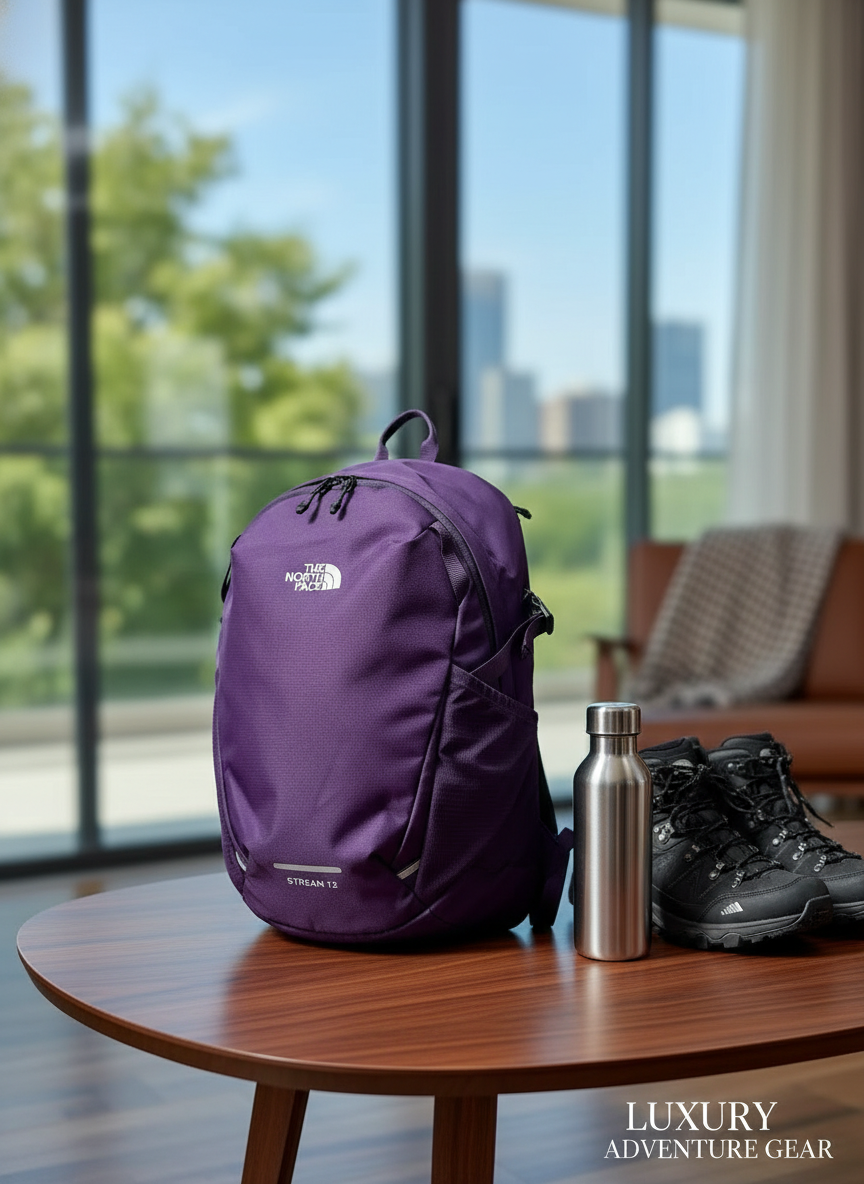 The North Face Purple STREAM 12 Backpack features water-resistant nylon, ergonomic design, and multi-layer storage. Lightweight and durable for commuting, travel, and outdoor adventures.
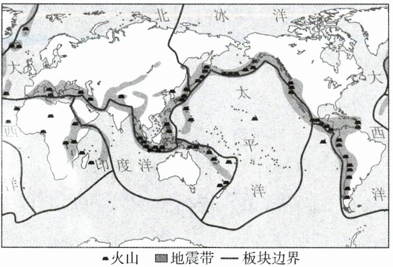 (1)环太平洋火山、地震带 地中海—喜马拉雅火山、地震带
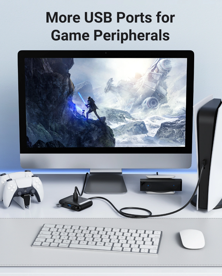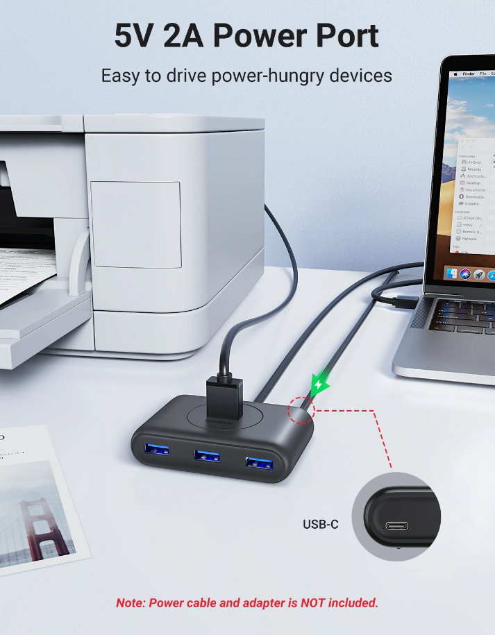 Features an additional 5V power port to ensure stable operation when connecting power-hungry devices like external hard drives.
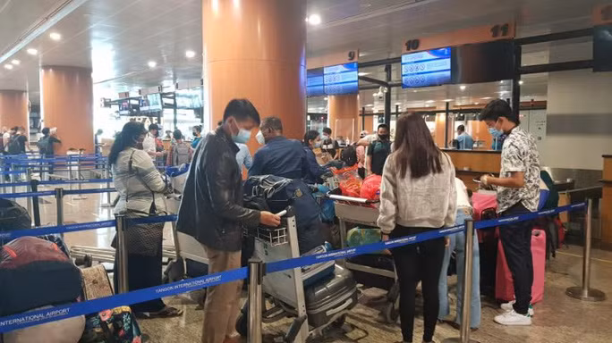 | Hành khách xếp hàng làm thủ tục tại sân bay Yangon (Myanmar) |
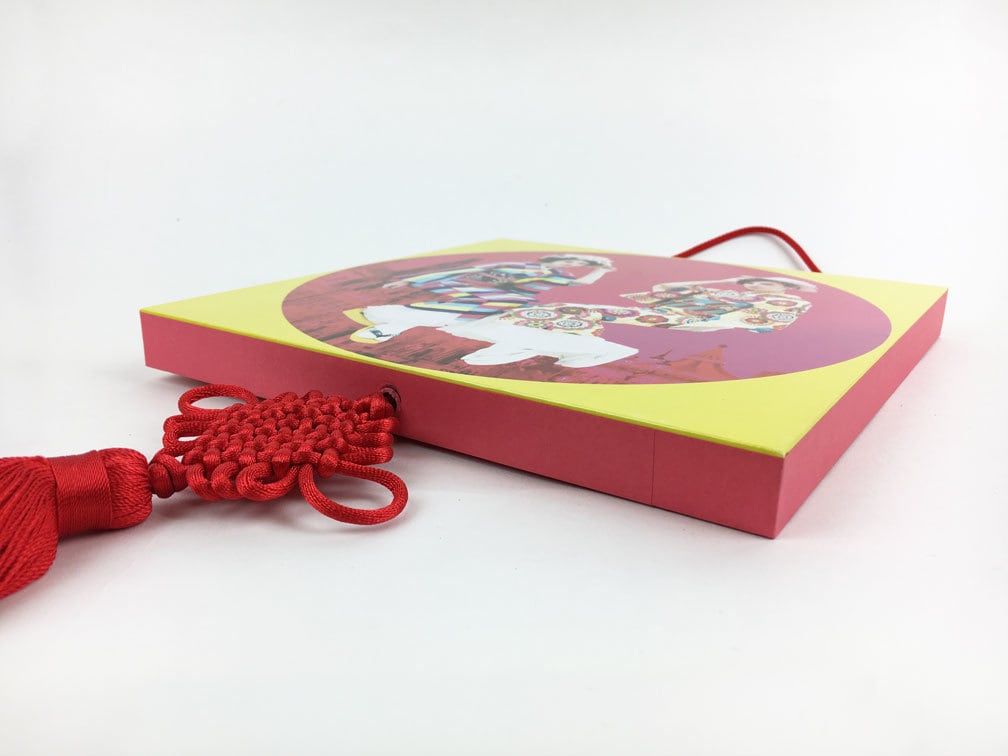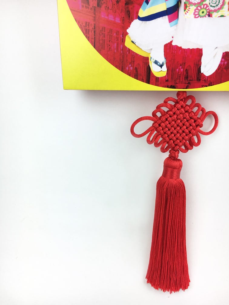 中国をイメージした真っ赤なタッセルが付いているので、インテリアとして壁掛けに。
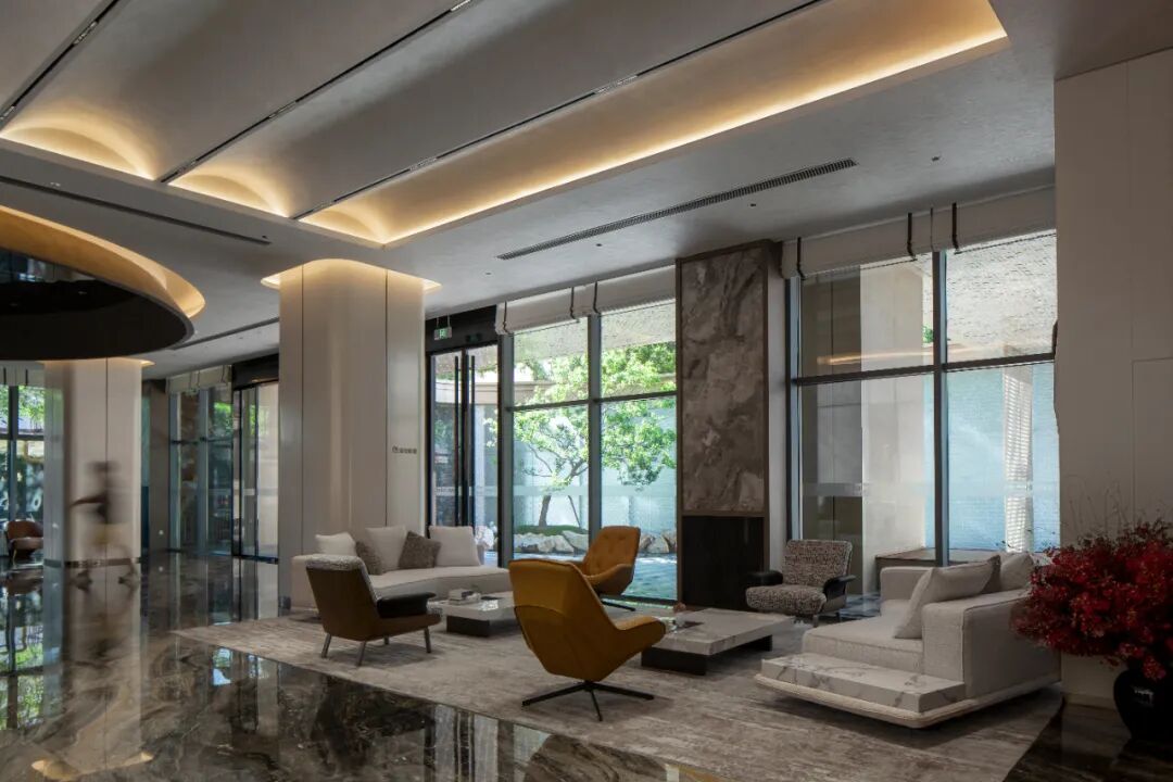 大厅里的结构柱同样采用弧形倒角的包边,灵动的弧形线条消除直线条的坚硬感,也柔化了空间氛围。大理石地面独特的纹理和光泽,呈现出精美的质感,深色木纹墙面的选用,给予空间温和而素雅的印象。

**WHAT YOU ARE ASKED TO DO:** Set down the records above exactly as written, beginning with the first line and ending with the line that contains "(1)环太平洋火山、地震带 地中海—喜马拉雅火山、地震带", and do not include pictures.

**EXPECTED ANSWER:**
 The North Face Purple STREAM 12 Backpack features water-resistant nylon, ergonomic design, and multi-layer storage. Lightweight and durable for commuting, travel, and outdoor adventures.
 (1)环太平洋火山、地震带 地中海—喜马拉雅火山、地震带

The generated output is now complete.